Plagiarisms, Algorithms, and Ostracisms

The latest outrage jolting the fiction-writing world is the Cristiane Serruya Plagiarism Scandal, or #CopyPasteCris in the Twitter world. I’ll leave it for others to gnash teeth and rend garments over the specifics of this case. As a former engineer and natural problem-solver, I prefer to look at what we might do to prevent future recurrences.

First, let me summarize. Alert and avid readers of romance books noticed matching phrases and paragraphs in two books: The Duchess War (2012) by Courtney Milan and Royal Love (2018) by Cristiane Serruya. These readers notified Ms. Milan, who reacted strongly. More investigations by readers of Ms. Serruya’s 30-odd books found uncredited passages and excerpts from 51 other books by 34 authors, 3 articles, 3 websites, and 2 recipes. In addition to Ms. Milan, the original authors included Nora Roberts, who likewise doesn’t tolerate imitation, no matter how sincere the flattery.

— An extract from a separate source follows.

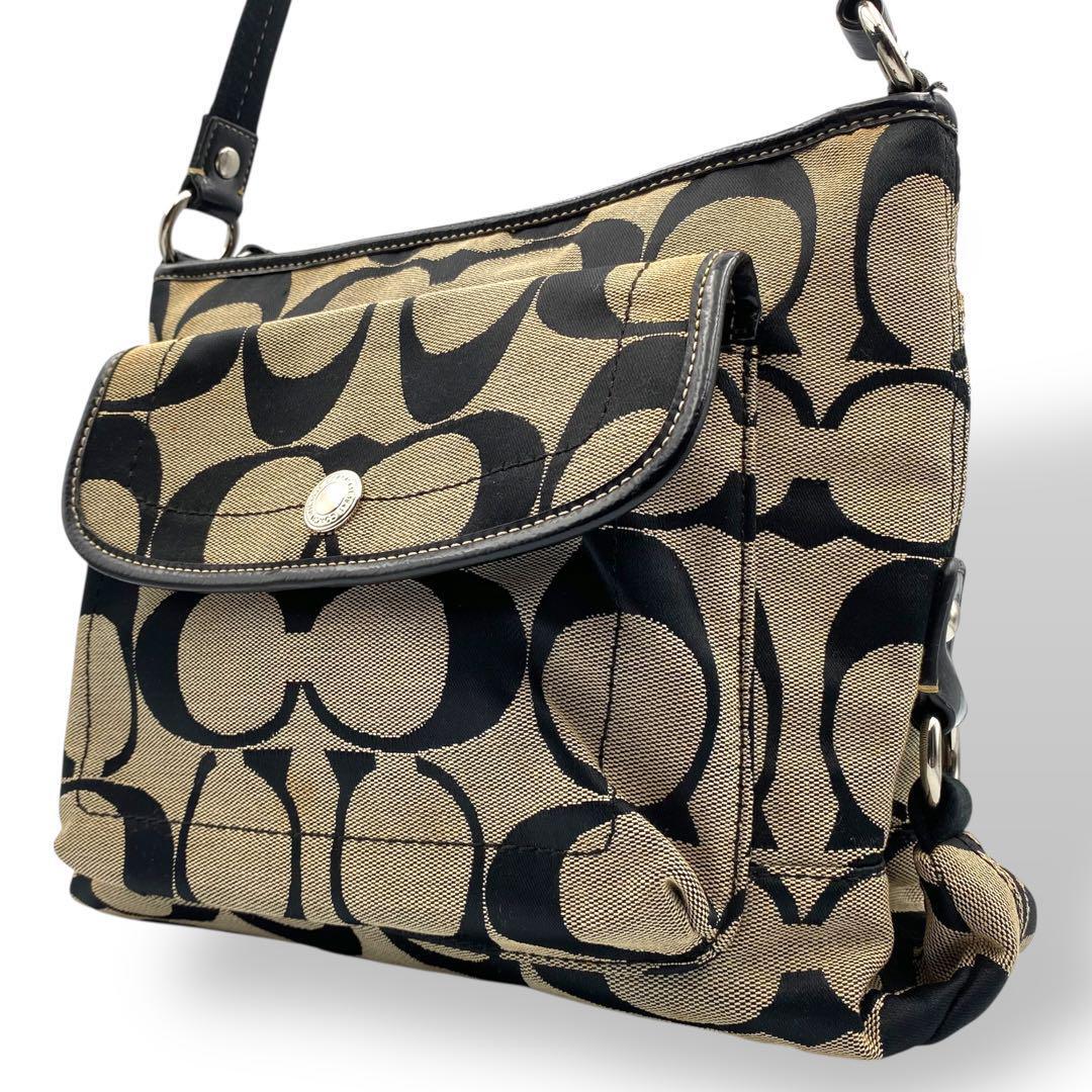 - 美品 COACH コーチ ショルダーバッグ シグネチャー キャンバス レザー 黒

While lawyers gather for the coming feast, let us back away from the immediate affair, make some assumptions about the problem, and consider possible solutions. First, we’ll assume Ms. Serruya actually did what readers allege, that she (or her hired ghostwriters) copied other works and passed them off as her own. Second, let’s assume she is at least somewhat sane and had semi-logical reasons for doing so. Third, we’ll assume Ms. Serruya is not alone, that there are others out there doing the same thing.

What might her motivations have been? Why would anyone do this? In her post, Ms. Roberts asserts the existence of “black hat teams” working to thwart Amazon’s software algorithms to maximize profit. For more on this practice, read Sarah Jeong’s post from last summer, based on the Cockygate scandal.

It’s possible we’ve reached a point where (1) the ease of copying books, (2) the money to be made by turning out large numbers of romance books, and (3) the lack of anti-plagiarism gatekeepers at Amazon, have combined to produce all the incentive needed for unscrupulous “authors” (even a cottage industry of them)  to copy the work of others.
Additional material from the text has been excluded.